Key Facts
- Category
- Developer & Web
- Input Types
- textarea, select, number
- Output Type
- html
- Sample Coverage
- 4
- API Ready
- Yes
Overview
The SQL Explain Plan Visualizer parses raw EXPLAIN and EXPLAIN ANALYZE outputs from PostgreSQL, MySQL, and SQLite into an interactive, color-coded cost tree. It highlights performance bottlenecks, flags significant discrepancies between estimated and actual row counts, and provides actionable index and query rewrite recommendations.
When to Use
- •When a database query is running slowly and you need to pinpoint the exact node causing the bottleneck.
- •When you suspect stale database statistics are causing the query planner to choose inefficient scan methods.
- •When analyzing complex, nested execution plans that are difficult to read in raw text or JSON formats.
How It Works
- •Paste your raw EXPLAIN or EXPLAIN ANALYZE output (JSON or text format) into the input area.
- •Select your database dialect (PostgreSQL, MySQL, or SQLite) or let the tool auto-detect it.
- •Optionally input the original SQL query to help the visualizer generate precise index recommendations.

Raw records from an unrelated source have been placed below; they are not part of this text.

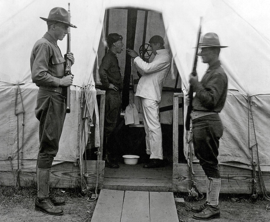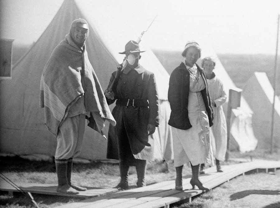 Original caption: “Photo shows a scene in the influenza camp at Lawrence, Maine, where patients are given fresh air treatment. This extreme measure was hit upon as the best way of curbing the epidemic. Patients are required to live in these camps until cured.” #Bettmann / Bettmann Archive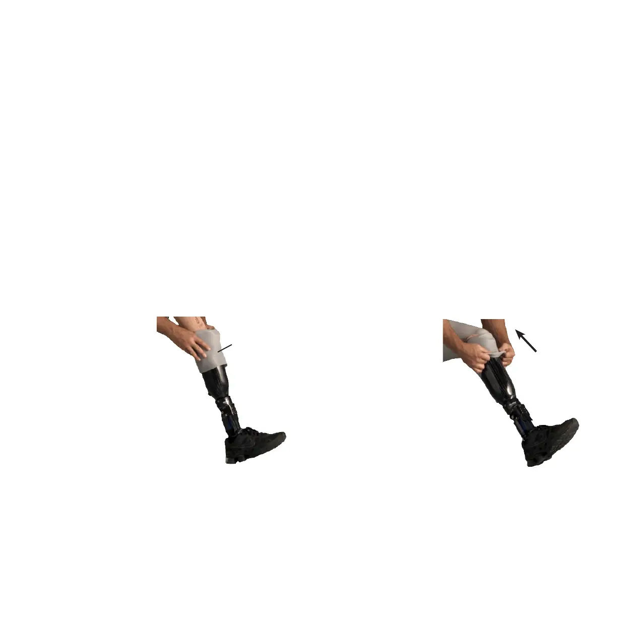 4. Roll the sock up onto the limb so that the silicone side is against the liner. Make sure that there are no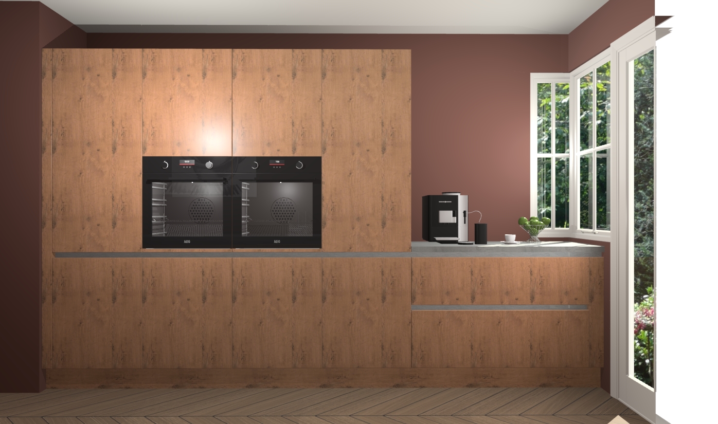 Een stijlvolle en praktische keuken als deze mag gezien worden. Dankzij de prachtige astoria eiken matte afwerking wordt de keuken gemakkelijk het middelpunt van uw huis - hij ziet er geweldig uit onder allerlei lichtomstandigheden, van dag tot nacht!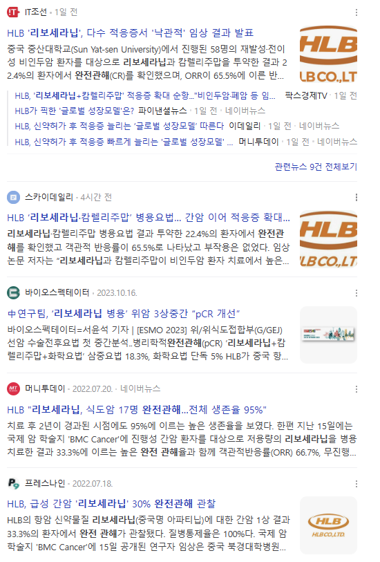 리보세라닙은 HLB의 신약 개발 자회사 Elevar의 임상 외에도 항서 제약의 임상 및 국내외 수많은 연구자들이 연구자 임상을 진행하고 있으며 매년 수많은 논문이 발표되고 있고 긍정적인 임상 결과와 완전 관해(암이 없어짐) 결과들이 수없이 많이 발표되고 있다.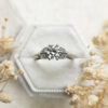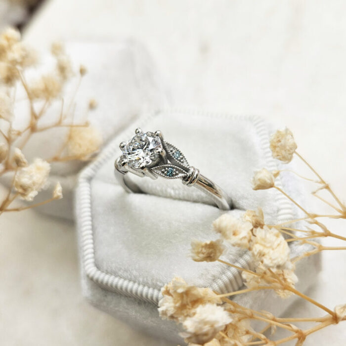This brand new stunning ring features a central round lab grown diamond, set in a gorgeous antique inspired floral platinum mount, with 4 aqua blue diamond accent stones!

- •Analyze the generated tree diagram to identify high-cost nodes, sequential scans, filesorts, and row-estimate divergences.
Use Cases
Examples
1. Diagnosing Stale Statistics in PostgreSQL
Database Administrator- Background
- A user search query on a PostgreSQL database is taking several seconds despite having an index on the email column.
- Problem
- The query planner is choosing a sequential scan over an index scan because it estimates only 1,000 rows, but the table actually returns 95,000 rows.
- How to Use
- Paste the PostgreSQL EXPLAIN ANALYZE JSON output into the tool, set the dialect to PostgreSQL, and input the SQL query.
- Example Config
-
{ "dialect": "postgresql", "sql": "SELECT * FROM users WHERE lower(email) = '[email protected]'", "maxDepth": 20 } - Outcome
- The visualizer highlights the Seq Scan node in red, flags the 95x row divergence, and suggests running ANALYZE to update table statistics.

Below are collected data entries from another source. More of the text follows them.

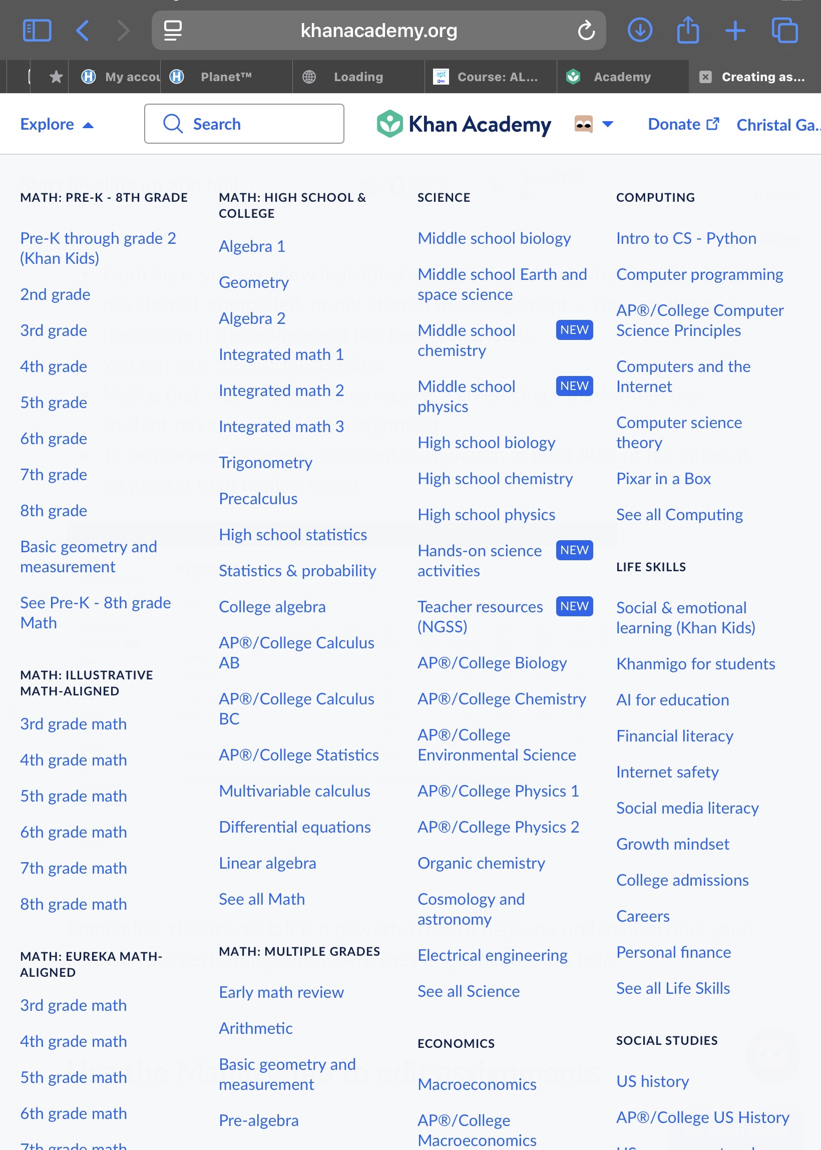 Khan Academy also supports mastery learning, giving students the chance to repeat lessons until they are truly comfortable before moving forward. This has given Cash the freedom to stretch into advanced topics while still shoring up his foundations when needed.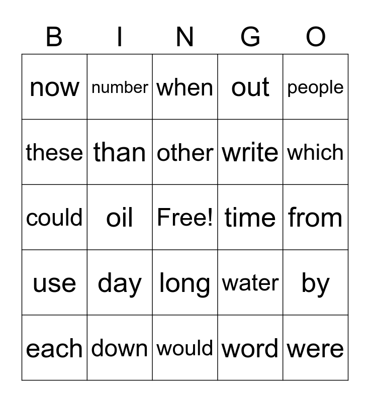 This bingo card has a free space and 24 words: day, down, other, each, people, now, these, number, time, long, write, could, water, by, than, word, from, when, which, oil, were, use, out and would.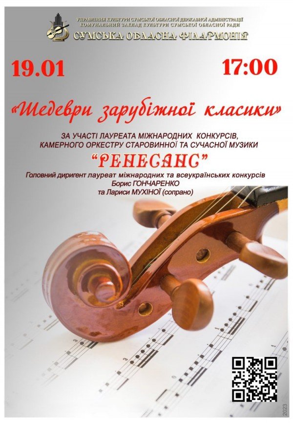 Концерт "Шедеври зарубіжної класики" відбудеться 19 січня 2024, 17:00, п’ятниця в Сумська обласна філармонія. За допомогою сервісу internet-bilet.ua, Ви зможете з легкістю забронювати, замовити та купити квитки на концерт, спектакль, оперу, балет, майстер-класи, спортивні та дитячі заходи, що Вас цікавлять, оплативши їх найбільш зручним для Вас способом: через інтернет банківською карткою VISA/MasterCard, готівкою або кур'єром, якщо зробите замовлення квитка з доставкою.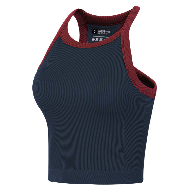 岚纹含胸垫拼色瑜伽背心女跑步防震运动内衣训练美背健身文胸夏季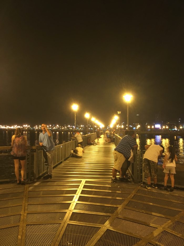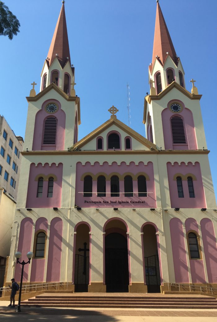 We found our Airbnb and dropped our bags and promptly set off again to explore the city. Posadas is roughly two times the size of Encarnación, but there still doesn’t seem to be much to see or do there. We tried to visit the Museum of Fine Arts, but it was closed. We saw the pink cathedral and a fun statue of a guy drinking maté. We decided to find a park to drink our own maté and finish our third cribbage season. Unfortunately, the Plaza 9 de Julio had a lot of homeless people living in it and didn’t seem to be the nicest place to hang out, so we went to the Plaza San Martin instead. After Jess’s spectacular cribbage victory, we went in search of the Costanera and some ice cream. The Costanera in Posadas is fantastic. It is very well lit and is bustling well into the evening. People set up lawn chairs and small tables and drink mate, eat dinner, hang out with friends while the sun goes down. There are joggers, cyclists, people out for a stroll. There’s a boardwalk out over the river that is lit up at night and has a fantastic view of Encarnación. After strolling down the boardwalk for a while, we went in search of dinner and found a restaurant called Marandú.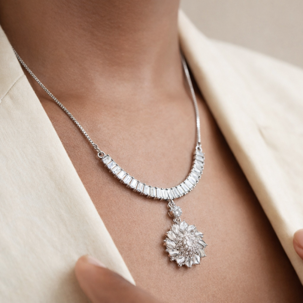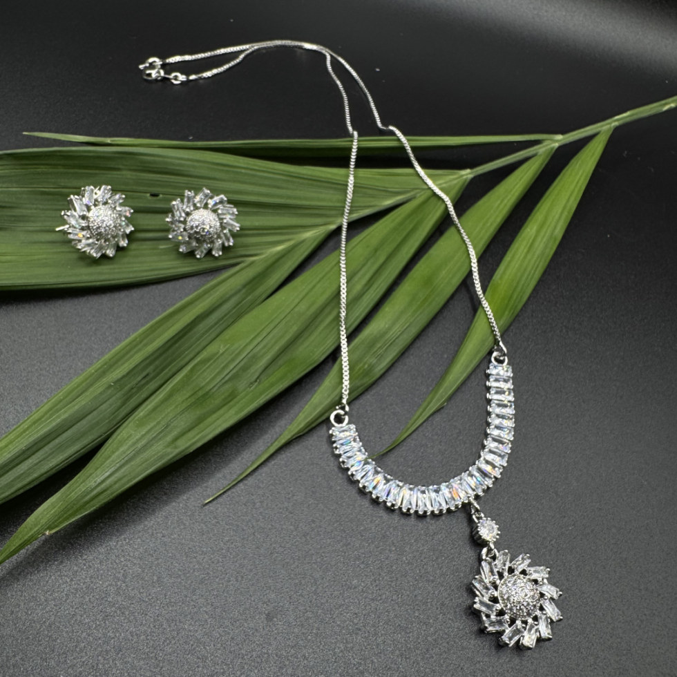 The necklace sits gracefully along the neckline, making it ideal for both formal occasions and elevated everyday wear. Paired with matching drop earrings and a coordinated bracelet, this set offers a cohesive and polished aesthetic. Its lightweight construction ensures comfort, while the intricate detailing reflects premium craftsmanship.
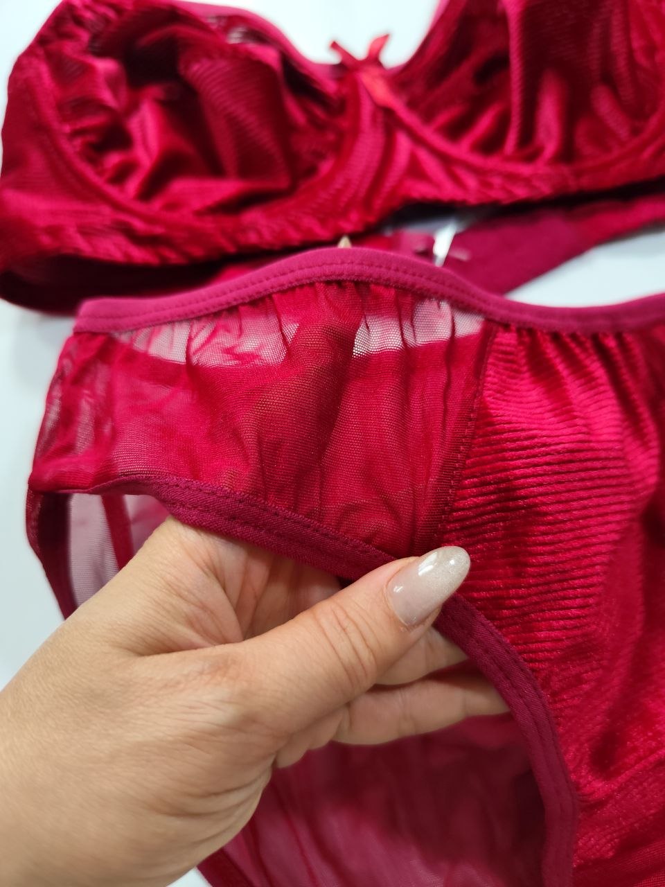 شورت این ست از نوع اسلیپ پشت توری است که با ترکیب ظرافت و راحتی ساخته شده. قسمت جلوی شورت از مخمل براق استفاده شده که جلوه‌ای لوکس ایجاد می‌کند و پشت شورت توری است تا علاوه بر زیبایی، سبکی و نرمی بیشتری به همراه داشته باشد. این طراحی باعث شده مدل نیلی برای استفاده روزانه، مهمانی و حتی زیر لباس‌های جذب گزینه‌ای عالی باشد.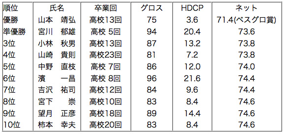 優勝は16回卒の中野康彦氏、準優勝18回卒の山口真介氏と同ネットスコアでありましたがアルペン会規程により年齢上位者が獲得されました。

2. Identifying Filesorts in MySQL Queries
Backend Engineer- Background
- An API endpoint sorting user records by creation date is experiencing high latency under load.
- Problem
- The MySQL execution plan shows a filesort operation, indicating that the database is sorting rows in memory or on disk instead of using an index.
- How to Use
- Run EXPLAIN FORMAT=JSON on the query, paste the JSON output into the visualizer, and select MySQL as the dialect.
- Example Config
-
{ "dialect": "mysql", "maxDepth": 15 } - Outcome
- The tool displays a cost tree highlighting the filesort node and recommends creating a composite index on the filtered and sorted columns.
Try with Samples
json, sql, textRelated Hubs
FAQ
Which database dialects and formats are supported?
The tool supports PostgreSQL (JSON and text), MySQL (JSON and tabular), and SQLite (QUERY PLAN text).

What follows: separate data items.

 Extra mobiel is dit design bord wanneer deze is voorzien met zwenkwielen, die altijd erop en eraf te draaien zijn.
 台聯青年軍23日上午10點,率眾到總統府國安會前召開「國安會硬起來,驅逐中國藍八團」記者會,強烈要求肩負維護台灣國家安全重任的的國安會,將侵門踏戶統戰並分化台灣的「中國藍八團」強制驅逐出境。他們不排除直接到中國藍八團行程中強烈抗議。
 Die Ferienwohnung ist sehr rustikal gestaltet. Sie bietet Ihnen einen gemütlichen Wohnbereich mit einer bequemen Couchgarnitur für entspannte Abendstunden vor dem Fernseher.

How does the tool identify stale database statistics?
It compares the estimated plan rows with the actual rows from EXPLAIN ANALYZE; a difference of 10x or more flags a statistics hotspot.
Do I need to provide the original SQL query?
No, the SQL query is optional, but providing it allows the tool to suggest specific index columns and query rewrites.
What types of query bottlenecks are flagged?
It flags sequential scans on large tables, filesorts, temporary tables, expensive nested loops, and non-sargable predicates.
Is my query plan data sent to an external server?
No, all parsing and visualization are performed locally in your browser to ensure data privacy.